Data extract -
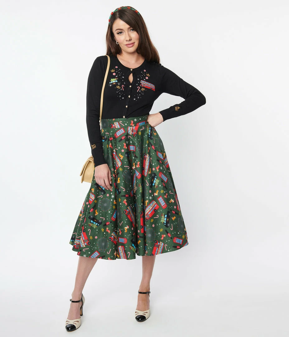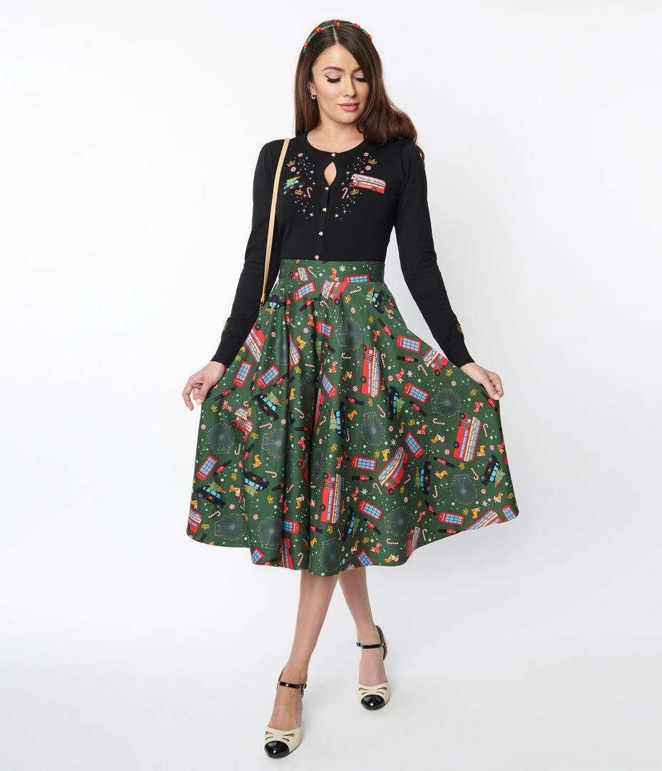 This sweet swing skirt is crafted in cotton and boasts a London town holiday print with snowflakes, crowns, double decker buses, peppermints, and cabs topped with Christmas trees throughout the green backdrop. Complete with back zipper and side pockets!
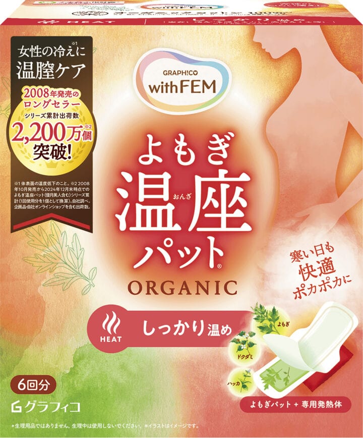 ハーブたっぷりのナプキン型よもぎパットと専用発熱体を下着につけて装着すれば、骨盤まわりがじんわり温まる。ウィズフェム よもぎ温座パット オーガニック 6回分 ¥1,320/グラフィコ
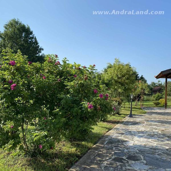 Ispred kuće nalazi se trem gde možete užinati tokom cijele godine, a od proleća do kasne jeseni uživati u prelepoj bašti koja se prostire na 30 ari. Bočno se nalazi parking za 2-3 auta.
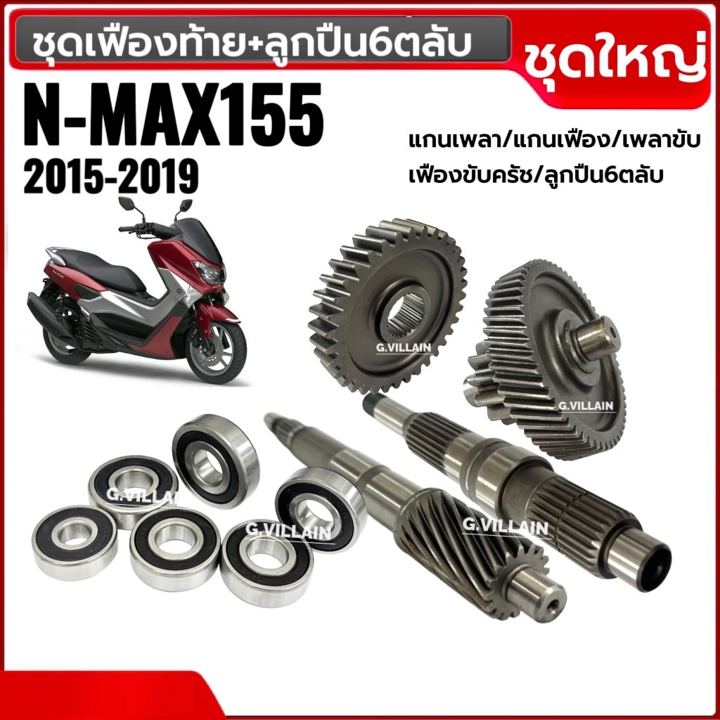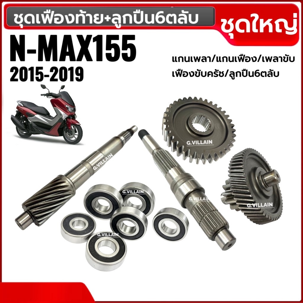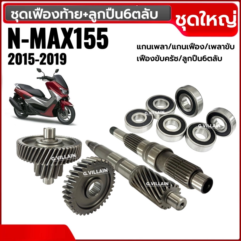 ชุดเฟืองท้าย +ลูกปืน6ตลับ NMAX155 ตัวแรก2015-2019 แกนเพลาขับ แกนเพลา เฟืองเพลาขับหลัง ชุดเฟืองเกียร์
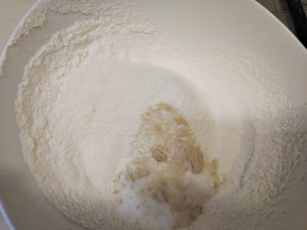 3. 2.の粉の中に砂糖と塩を加えて、まんべんなく混ぜる
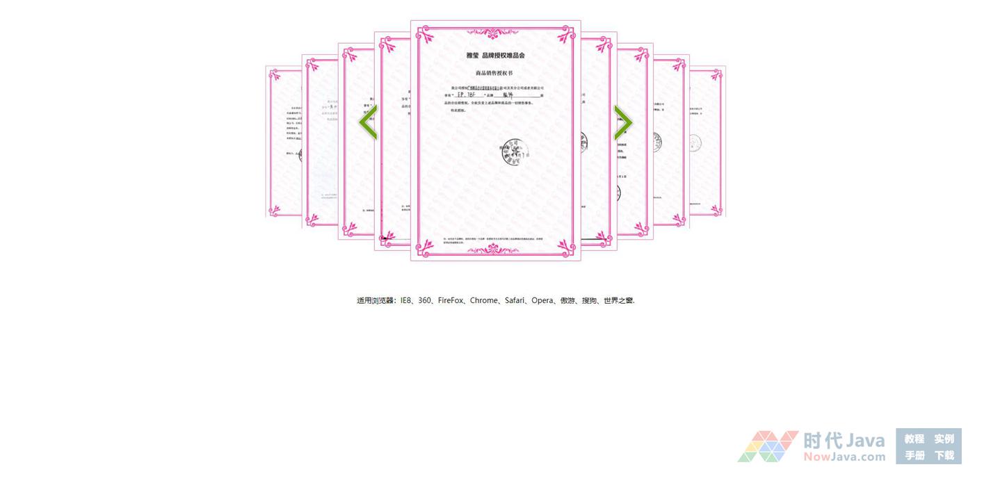 jQuery实现的唯品会授权书展示幻灯片效果源码是一段实现了带左右箭头的平滑旋转图片叠加切换的唯品会授权书展示幻灯片效果的代码,本段代码大家换个图片后就可以适应于所有网页使用了,有兴趣的朋友们可以前来下载使用。本段代码兼容目前最新的各类主流浏览器,是一款非常优秀的特效源码。

Exercise -
Every line above should be copied exactly; do not carry over the pictures.

Response -
 This sweet swing skirt is crafted in cotton and boasts a London town holiday print with snowflakes, crowns, double decker buses, peppermints, and cabs topped with Christmas trees throughout the green backdrop. Complete with back zipper and side pockets!
 ハーブたっぷりのナプキン型よもぎパットと専用発熱体を下着につけて装着すれば、骨盤まわりがじんわり温まる。ウィズフェム よもぎ温座パット オーガニック 6回分 ¥1,320/グラフィコ
 Ispred kuće nalazi se trem gde možete užinati tokom cijele godine, a od proleća do kasne jeseni uživati u prelepoj bašti koja se prostire na 30 ari. Bočno se nalazi parking za 2-3 auta.
 ชุดเฟืองท้าย +ลูกปืน6ตลับ NMAX155 ตัวแรก2015-2019 แกนเพลาขับ แกนเพลา เฟืองเพลาขับหลัง ชุดเฟืองเกียร์
 3. 2.の粉の中に砂糖と塩を加えて、まんべんなく混ぜる
 jQuery实现的唯品会授权书展示幻灯片效果源码是一段实现了带左右箭头的平滑旋转图片叠加切换的唯品会授权书展示幻灯片效果的代码,本段代码大家换个图片后就可以适应于所有网页使用了,有兴趣的朋友们可以前来下载使用。本段代码兼容目前最新的各类主流浏览器,是一款非常优秀的特效源码。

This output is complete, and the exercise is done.